- **INSTRUCTIONS FOR THE TASK**:
Working from the records below, repeat exactly the lines starting at the line that contains "當我知道畫展的主題是「活在當" and ending at the line that contains "VERITAS COCKTAILGLAS 985074", inclusive.

- **THE DATA**:
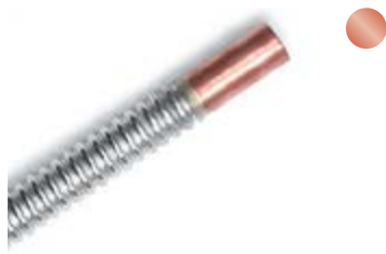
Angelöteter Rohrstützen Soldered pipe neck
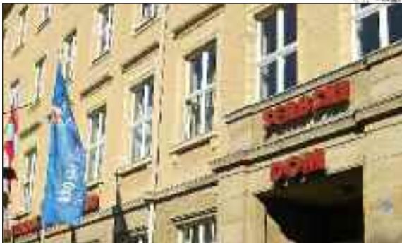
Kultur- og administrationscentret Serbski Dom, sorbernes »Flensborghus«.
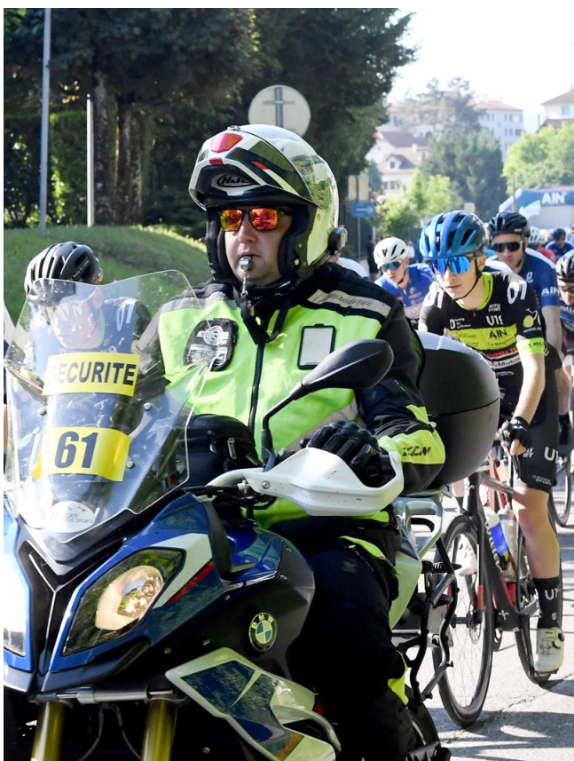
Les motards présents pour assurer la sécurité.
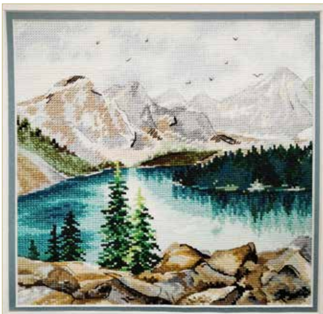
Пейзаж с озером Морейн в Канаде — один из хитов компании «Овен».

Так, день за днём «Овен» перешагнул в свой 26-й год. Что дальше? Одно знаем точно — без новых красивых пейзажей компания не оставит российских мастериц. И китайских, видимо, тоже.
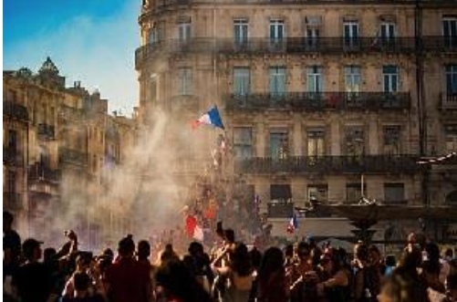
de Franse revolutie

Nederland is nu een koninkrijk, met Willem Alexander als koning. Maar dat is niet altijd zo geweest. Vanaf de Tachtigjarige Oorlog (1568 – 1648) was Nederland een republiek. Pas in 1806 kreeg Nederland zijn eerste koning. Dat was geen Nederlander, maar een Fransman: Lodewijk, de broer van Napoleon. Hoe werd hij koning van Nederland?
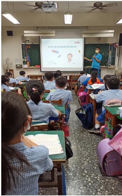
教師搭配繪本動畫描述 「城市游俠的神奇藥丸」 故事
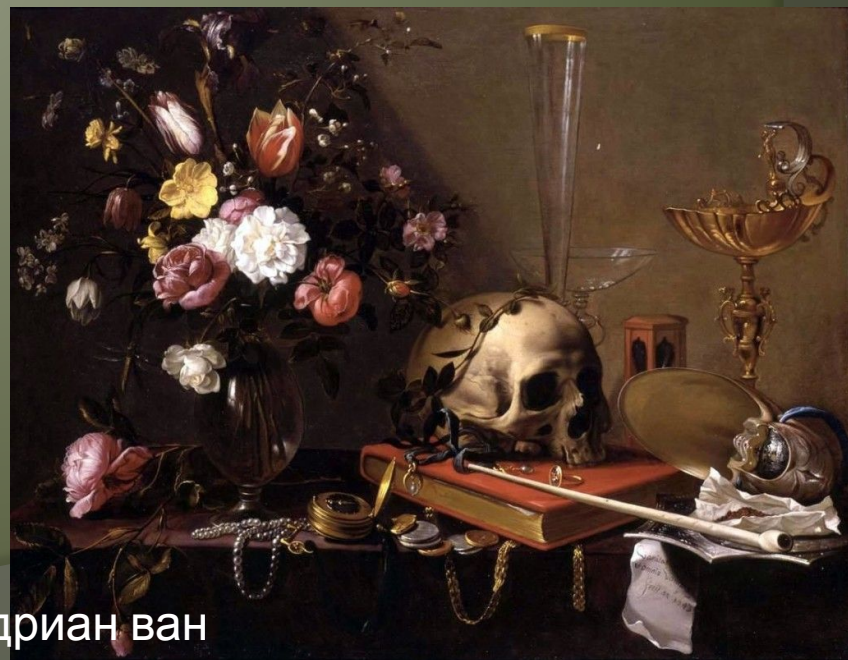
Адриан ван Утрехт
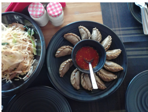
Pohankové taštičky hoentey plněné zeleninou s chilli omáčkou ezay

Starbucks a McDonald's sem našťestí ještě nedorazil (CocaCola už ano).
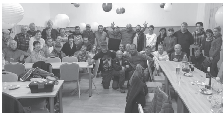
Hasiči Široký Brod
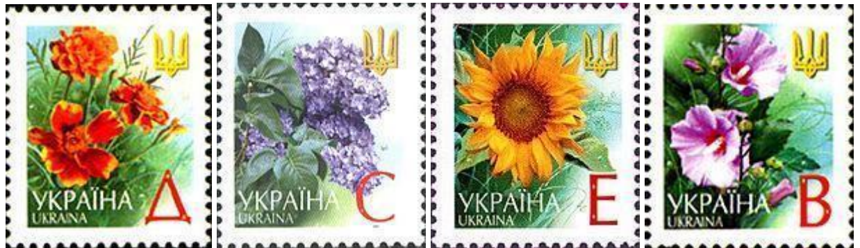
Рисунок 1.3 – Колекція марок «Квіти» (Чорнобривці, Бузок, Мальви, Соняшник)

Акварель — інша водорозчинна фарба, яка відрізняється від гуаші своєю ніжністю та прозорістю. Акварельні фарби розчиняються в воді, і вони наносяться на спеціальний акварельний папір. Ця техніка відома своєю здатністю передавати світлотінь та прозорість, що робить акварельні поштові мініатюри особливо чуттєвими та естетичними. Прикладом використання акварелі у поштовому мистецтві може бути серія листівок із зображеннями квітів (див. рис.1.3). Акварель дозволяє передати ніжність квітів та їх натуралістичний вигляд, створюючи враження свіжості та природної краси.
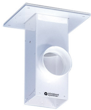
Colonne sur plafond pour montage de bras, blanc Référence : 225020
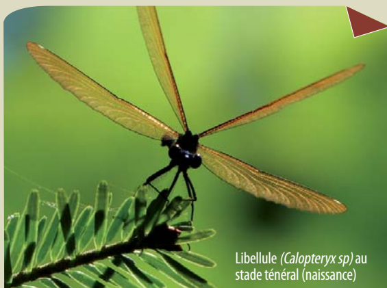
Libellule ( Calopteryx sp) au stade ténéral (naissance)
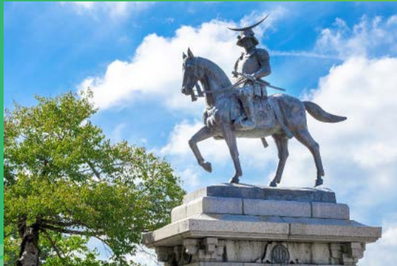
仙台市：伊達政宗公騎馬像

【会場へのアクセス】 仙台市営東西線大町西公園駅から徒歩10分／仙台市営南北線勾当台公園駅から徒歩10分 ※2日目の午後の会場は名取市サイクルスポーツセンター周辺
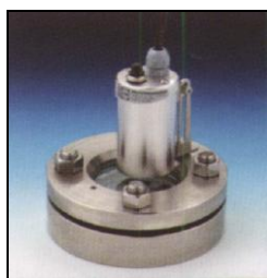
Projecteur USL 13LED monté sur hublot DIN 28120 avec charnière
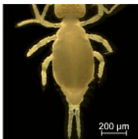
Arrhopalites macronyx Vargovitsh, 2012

==

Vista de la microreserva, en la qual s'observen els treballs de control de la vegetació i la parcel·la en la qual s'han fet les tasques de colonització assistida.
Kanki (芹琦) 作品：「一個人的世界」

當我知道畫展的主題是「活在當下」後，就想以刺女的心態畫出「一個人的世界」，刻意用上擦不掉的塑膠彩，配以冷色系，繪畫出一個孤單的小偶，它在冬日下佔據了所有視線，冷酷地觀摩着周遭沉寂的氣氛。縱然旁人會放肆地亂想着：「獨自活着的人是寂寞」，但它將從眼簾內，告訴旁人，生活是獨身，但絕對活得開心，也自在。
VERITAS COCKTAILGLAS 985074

--

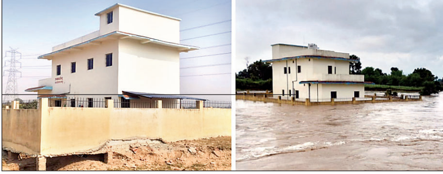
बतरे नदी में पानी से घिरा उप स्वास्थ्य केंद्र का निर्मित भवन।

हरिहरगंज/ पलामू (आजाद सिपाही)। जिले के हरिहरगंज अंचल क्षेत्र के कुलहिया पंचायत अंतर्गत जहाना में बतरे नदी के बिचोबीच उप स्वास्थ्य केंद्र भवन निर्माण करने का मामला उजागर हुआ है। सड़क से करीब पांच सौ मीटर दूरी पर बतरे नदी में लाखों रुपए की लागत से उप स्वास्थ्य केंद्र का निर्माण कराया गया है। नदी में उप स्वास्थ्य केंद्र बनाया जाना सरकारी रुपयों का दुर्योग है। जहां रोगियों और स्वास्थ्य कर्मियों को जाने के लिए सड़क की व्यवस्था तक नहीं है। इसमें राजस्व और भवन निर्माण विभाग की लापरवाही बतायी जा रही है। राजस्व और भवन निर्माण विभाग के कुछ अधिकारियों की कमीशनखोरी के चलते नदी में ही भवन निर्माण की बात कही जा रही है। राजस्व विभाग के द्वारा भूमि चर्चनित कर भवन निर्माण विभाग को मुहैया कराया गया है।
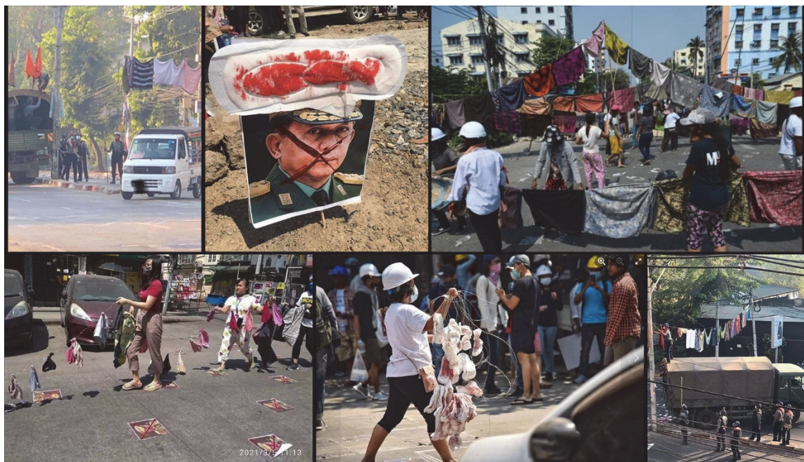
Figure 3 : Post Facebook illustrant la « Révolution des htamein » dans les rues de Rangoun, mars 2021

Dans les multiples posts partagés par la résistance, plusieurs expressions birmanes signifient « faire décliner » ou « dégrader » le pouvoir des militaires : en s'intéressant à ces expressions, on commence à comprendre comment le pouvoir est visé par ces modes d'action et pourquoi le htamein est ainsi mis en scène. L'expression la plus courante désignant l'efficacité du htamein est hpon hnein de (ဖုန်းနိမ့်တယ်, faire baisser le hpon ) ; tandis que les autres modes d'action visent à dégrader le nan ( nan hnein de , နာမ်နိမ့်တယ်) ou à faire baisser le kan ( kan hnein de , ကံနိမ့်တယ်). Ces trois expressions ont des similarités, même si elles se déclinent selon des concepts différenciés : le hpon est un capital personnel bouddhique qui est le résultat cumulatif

- **PROBLEM SOLUTION**:
當我知道畫展的主題是「活在當下」後，就想以刺女的心態畫出「一個人的世界」，刻意用上擦不掉的塑膠彩，配以冷色系，繪畫出一個孤單的小偶，它在冬日下佔據了所有視線，冷酷地觀摩着周遭沉寂的氣氛。縱然旁人會放肆地亂想着：「獨自活着的人是寂寞」，但它將從眼簾內，告訴旁人，生活是獨身，但絕對活得開心，也自在。
VERITAS COCKTAILGLAS 985074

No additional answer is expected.